Perkembangan selanjutnya, pada tahun 1941, Buitenzorg secara resmi lepas dari Batavia dan mendapat
otonominya sendiri. Keputusan dari gubernur Jendral Belanda di Hindia Belanda No. 11 tahun 1866, No.
208 tahun 1905 dan No. 289 tahun 1924 menyebutkan bahwa wilayah Bogor pada waktu itu seluas 22
Km persegi, terdiri dari 2 sub distrik dan 7 desa.

Berdasarkan UU No. 16 tahun 1950 Kota Bogor ditetapkan menjadi Kota besar dan Kota Praja yang
terbagi dalam 2 wilayah Kecamatan & 16 lingkungan. Tahun 1981 jumlah Kelurahan menjadi 22
Kelurahan, 5 kecamatan & 1 Perwakilan kecamatan.

Terakhir berdasarkan PP. No. 44/1992 Perwakilan Kecamatan Tanah Sareal ditingkatkan statusnya
menjadi Kecamatan, Kini terdapat 6 Kecamatan dan 68 Kelurahan.

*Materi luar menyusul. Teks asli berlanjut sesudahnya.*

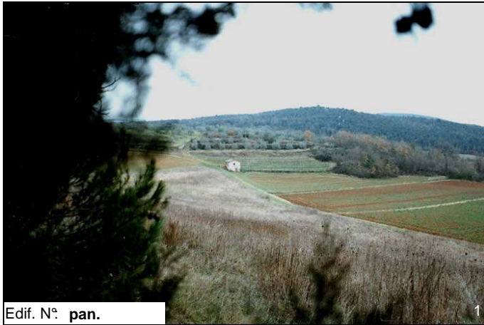
Edif. N° pan.

Ditengah-tengah kota terdapat Kebun Raya Bogor yang dibangun sejak Tahun 1817 oleh seorang ahli
botani yaitu Prof. Dr. RC. Reinwardth dengan luas 87 Ha dan terdapat 20.000 jenis tanaman yang
tergolong dalan 6000 Species dan merupakan Kebun Raya terbesar di Asia Tenggara.